From eebc8fa54e612f24293d5ffdb21fbc772944bf48 Mon Sep 17 00:00:00 2001
From: Eliska Romanova <eromanov@redhat.com>
Date: Thu, 27 Mar 2025 12:33:14 +0100
Subject: [PATCH] OBSDOCS-1327: Improve troubleshooting monitoring issues: new
 section troubleshooting alertmanager configurations

---
 ...eshooting-alertmanager-configurations.adoc | 188 ++++++++++++++++++
 .../troubleshooting-monitoring-issues.adoc    |   5 +
 2 files changed, 193 insertions(+)
 create mode 100644 modules/monitoring-troubleshooting-alertmanager-configurations.adoc
diff --git a/modules/monitoring-troubleshooting-alertmanager-configurations.adoc b/modules/monitoring-troubleshooting-alertmanager-configurations.adoc
new file mode 100644
index 000000000000..848222e878c4
--- /dev/null
+++ b/modules/monitoring-troubleshooting-alertmanager-configurations.adoc
@@ -0,0 +1,188 @@
+// Module included in the following assemblies:
+//
+// * monitoring/troubleshooting-monitoring-issues.adoc
+
+:_mod-docs-content-type: PROCEDURE
+[id="troubleshooting-alertmanager-configurations_{context}"]

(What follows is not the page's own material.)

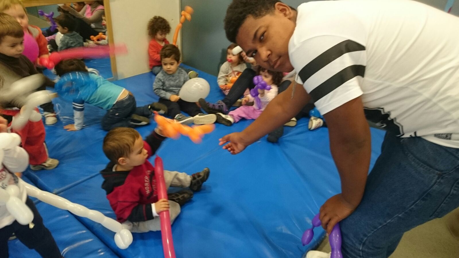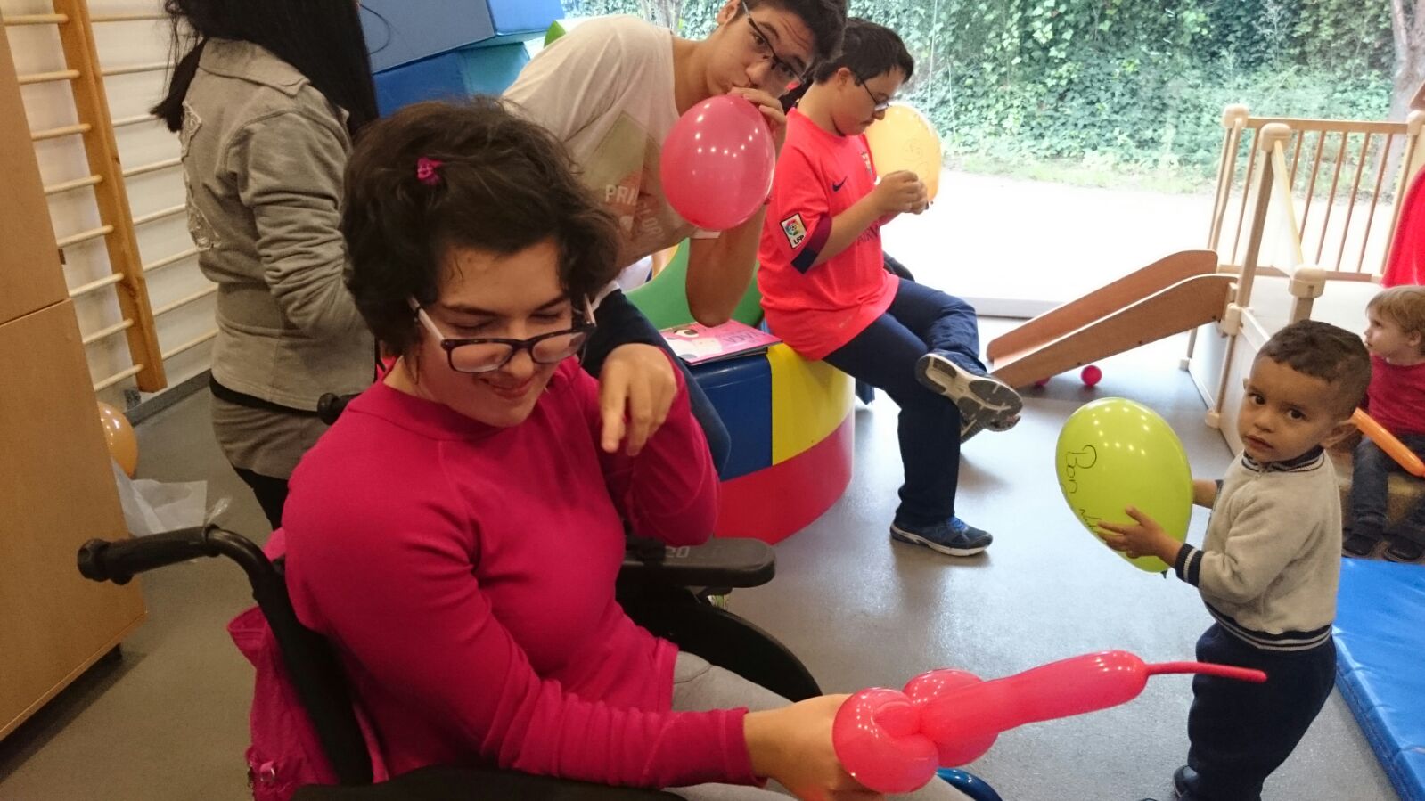 Cada nen va tenir un globus com a regal i van estar molt atents a les nostres cançons i balls.

+= Troubleshooting Alertmanager configuration
+
+If your Alertmanager configuration does not work properly, you can compare the `alertmanager-main` secret with the running Alertmanager configuration to identify possible errors. You can also test your alert routing configuration by creating a test alert.
+
+.Prerequisites
+
+* You have access to the cluster as a user with the `cluster-admin` cluster role.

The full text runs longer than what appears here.